EXTRACTED MATERIAL:

● ● ● ●

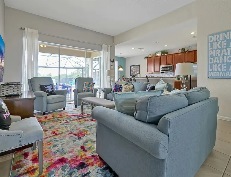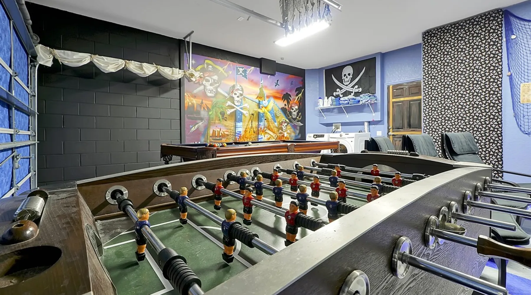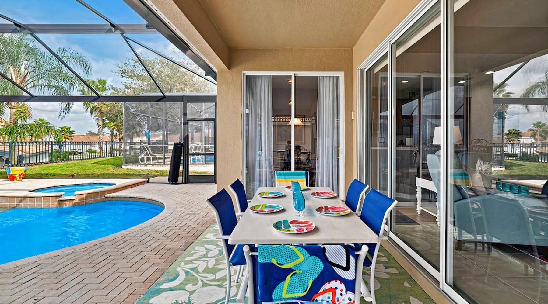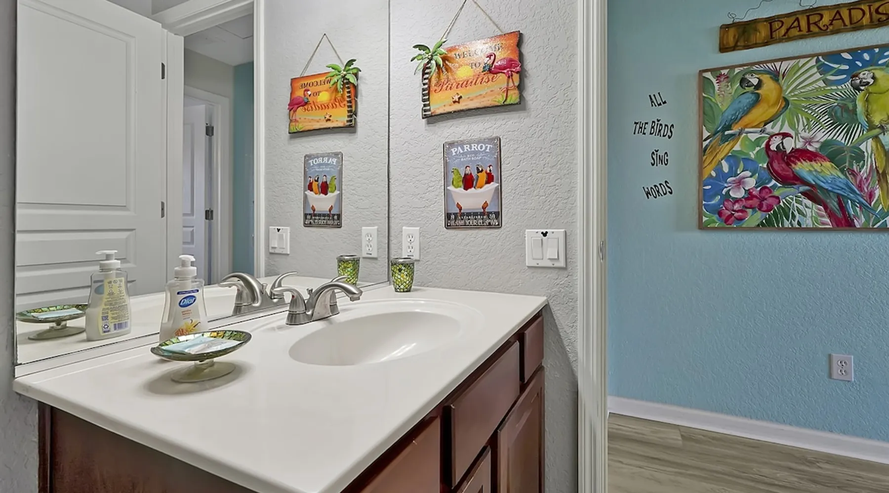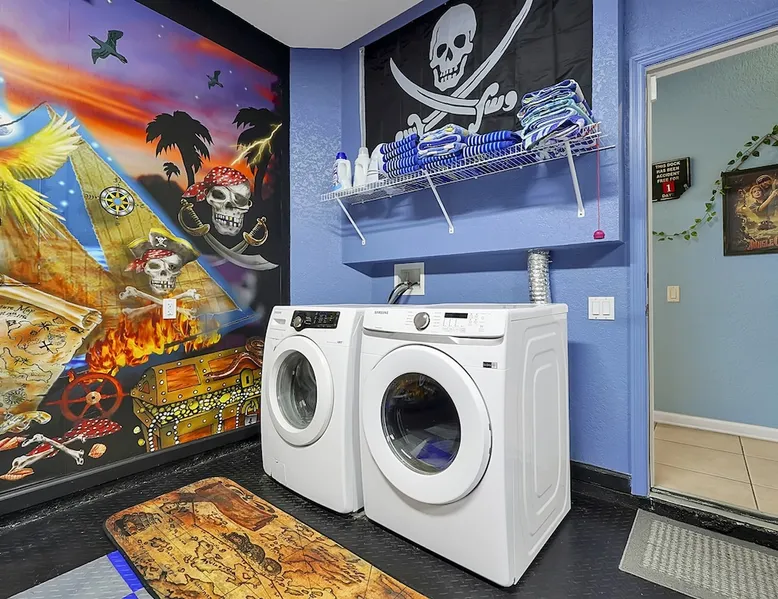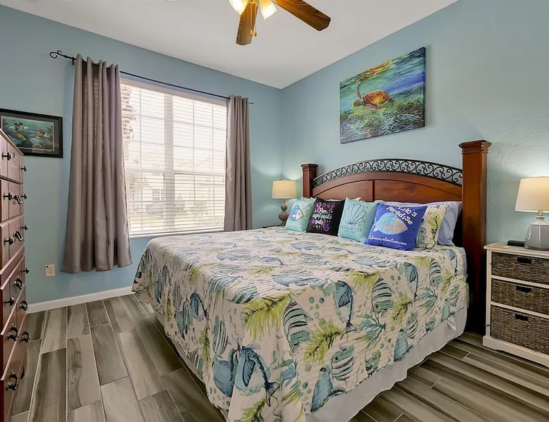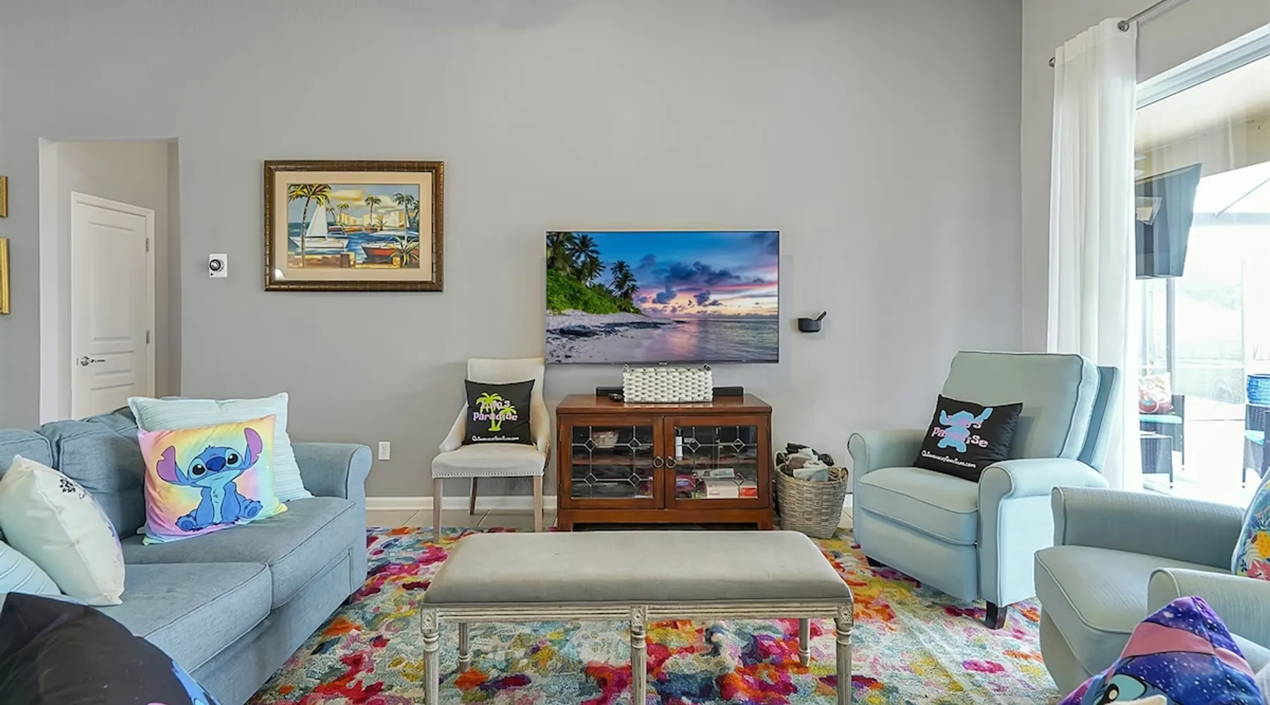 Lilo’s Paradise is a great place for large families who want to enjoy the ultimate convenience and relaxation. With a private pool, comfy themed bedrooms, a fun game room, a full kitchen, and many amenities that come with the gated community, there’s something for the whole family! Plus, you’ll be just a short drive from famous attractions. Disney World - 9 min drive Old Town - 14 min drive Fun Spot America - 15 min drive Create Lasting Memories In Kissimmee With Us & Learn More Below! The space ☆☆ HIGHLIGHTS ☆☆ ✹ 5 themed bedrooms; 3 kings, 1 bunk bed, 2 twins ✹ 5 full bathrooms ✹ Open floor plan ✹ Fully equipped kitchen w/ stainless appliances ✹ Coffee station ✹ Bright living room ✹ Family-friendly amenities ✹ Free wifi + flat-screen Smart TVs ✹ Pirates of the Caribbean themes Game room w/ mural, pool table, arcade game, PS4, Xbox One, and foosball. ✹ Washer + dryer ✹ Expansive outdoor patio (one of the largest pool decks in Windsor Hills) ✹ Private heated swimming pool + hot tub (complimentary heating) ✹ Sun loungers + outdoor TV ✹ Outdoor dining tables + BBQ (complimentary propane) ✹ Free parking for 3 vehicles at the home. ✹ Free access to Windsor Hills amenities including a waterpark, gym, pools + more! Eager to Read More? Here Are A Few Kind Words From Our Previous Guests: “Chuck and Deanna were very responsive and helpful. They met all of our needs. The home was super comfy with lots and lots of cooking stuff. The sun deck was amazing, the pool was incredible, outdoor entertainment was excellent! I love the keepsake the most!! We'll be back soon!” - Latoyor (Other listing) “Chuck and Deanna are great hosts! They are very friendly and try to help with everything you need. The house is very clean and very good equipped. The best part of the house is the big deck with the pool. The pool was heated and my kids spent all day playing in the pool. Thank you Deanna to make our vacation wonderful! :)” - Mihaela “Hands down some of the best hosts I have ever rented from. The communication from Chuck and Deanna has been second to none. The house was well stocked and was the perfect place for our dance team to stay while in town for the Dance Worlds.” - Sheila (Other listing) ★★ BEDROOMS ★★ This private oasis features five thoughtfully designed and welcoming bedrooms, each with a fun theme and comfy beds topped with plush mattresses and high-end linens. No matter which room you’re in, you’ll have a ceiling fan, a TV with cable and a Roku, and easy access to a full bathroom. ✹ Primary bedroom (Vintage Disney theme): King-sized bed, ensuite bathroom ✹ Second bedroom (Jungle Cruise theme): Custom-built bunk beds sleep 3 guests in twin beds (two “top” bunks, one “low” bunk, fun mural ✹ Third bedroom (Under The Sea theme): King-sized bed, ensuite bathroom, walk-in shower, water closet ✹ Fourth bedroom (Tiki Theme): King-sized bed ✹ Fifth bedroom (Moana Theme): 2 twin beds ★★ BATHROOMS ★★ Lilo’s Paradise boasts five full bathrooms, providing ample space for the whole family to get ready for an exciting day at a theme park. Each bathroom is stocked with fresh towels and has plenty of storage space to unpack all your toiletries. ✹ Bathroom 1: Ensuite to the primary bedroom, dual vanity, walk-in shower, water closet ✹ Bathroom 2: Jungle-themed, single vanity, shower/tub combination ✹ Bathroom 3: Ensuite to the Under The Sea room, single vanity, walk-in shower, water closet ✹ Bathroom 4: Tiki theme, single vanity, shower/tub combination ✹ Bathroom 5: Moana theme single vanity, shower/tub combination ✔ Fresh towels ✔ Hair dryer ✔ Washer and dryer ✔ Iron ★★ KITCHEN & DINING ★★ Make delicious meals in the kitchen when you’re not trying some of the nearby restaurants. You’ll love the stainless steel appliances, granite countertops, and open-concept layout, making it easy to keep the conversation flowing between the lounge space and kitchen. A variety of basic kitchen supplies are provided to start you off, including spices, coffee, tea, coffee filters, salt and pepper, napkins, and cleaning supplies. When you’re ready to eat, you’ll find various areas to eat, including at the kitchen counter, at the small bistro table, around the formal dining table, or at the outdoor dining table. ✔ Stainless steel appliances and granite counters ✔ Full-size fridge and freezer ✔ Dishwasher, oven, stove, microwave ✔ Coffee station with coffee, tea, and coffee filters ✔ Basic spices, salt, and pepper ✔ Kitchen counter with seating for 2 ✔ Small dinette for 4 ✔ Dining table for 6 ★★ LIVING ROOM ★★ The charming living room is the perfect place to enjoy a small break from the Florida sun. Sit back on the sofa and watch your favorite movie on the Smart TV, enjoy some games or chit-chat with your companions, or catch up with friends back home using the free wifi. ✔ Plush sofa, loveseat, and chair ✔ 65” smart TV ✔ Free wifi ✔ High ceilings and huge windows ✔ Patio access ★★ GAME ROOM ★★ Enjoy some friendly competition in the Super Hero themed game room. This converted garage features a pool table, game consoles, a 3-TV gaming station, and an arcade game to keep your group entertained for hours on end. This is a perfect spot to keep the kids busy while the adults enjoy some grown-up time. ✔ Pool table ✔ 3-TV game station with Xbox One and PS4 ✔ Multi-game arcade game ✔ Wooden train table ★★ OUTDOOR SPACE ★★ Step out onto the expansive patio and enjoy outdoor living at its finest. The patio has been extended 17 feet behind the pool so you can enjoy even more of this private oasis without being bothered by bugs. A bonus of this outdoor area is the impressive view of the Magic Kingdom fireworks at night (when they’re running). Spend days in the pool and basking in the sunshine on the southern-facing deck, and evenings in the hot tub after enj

● ● ● ●

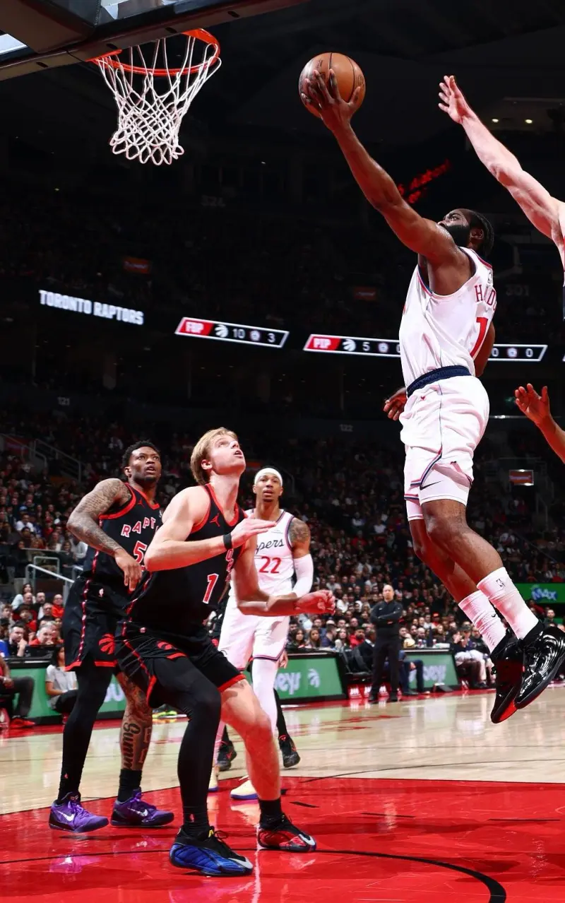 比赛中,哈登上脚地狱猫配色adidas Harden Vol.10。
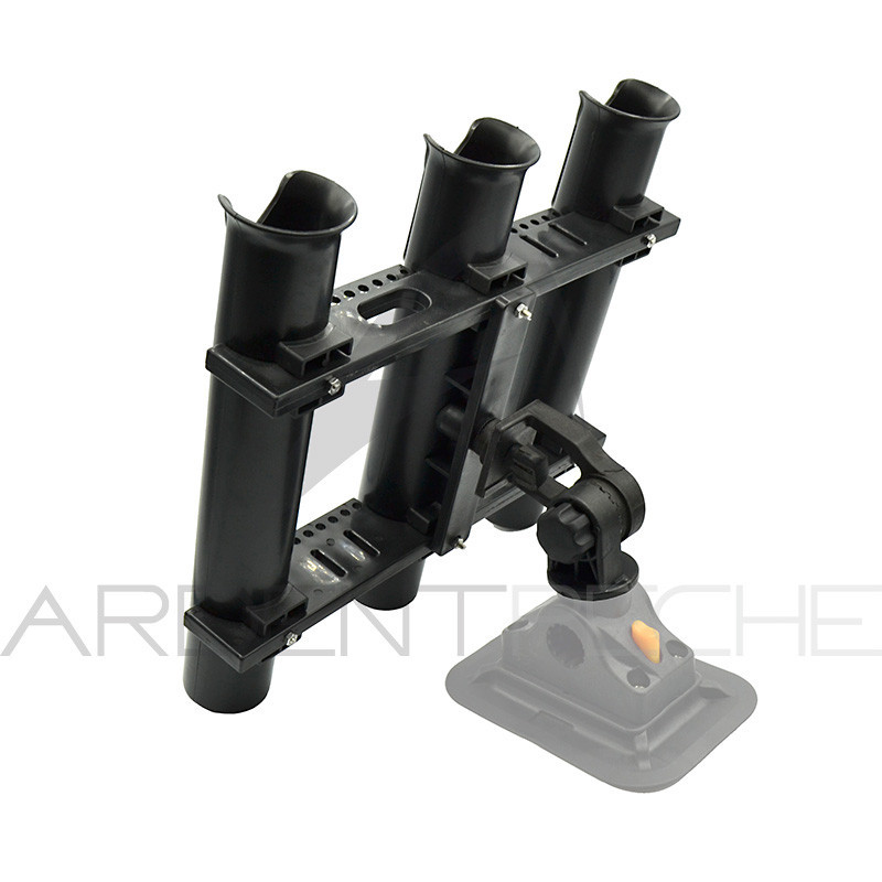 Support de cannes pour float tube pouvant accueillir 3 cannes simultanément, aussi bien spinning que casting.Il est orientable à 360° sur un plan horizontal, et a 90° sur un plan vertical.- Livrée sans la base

● ● ● ●

THE PROBLEM: Go back to the lines above and output, exactly as they stand, the ones from the line containing "比赛中,哈登上脚地狱猫配色adidas Harden Vol.10。" to the line containing "Support de cannes". Leave all pictures behind.

YOUR SOLUTION:
 比赛中,哈登上脚地狱猫配色adidas Harden Vol.10。
 Support de cannes pour float tube pouvant accueillir 3 cannes simultanément, aussi bien spinning que casting.Il est orientable à 360° sur un plan horizontal, et a 90° sur un plan vertical.- Livrée sans la base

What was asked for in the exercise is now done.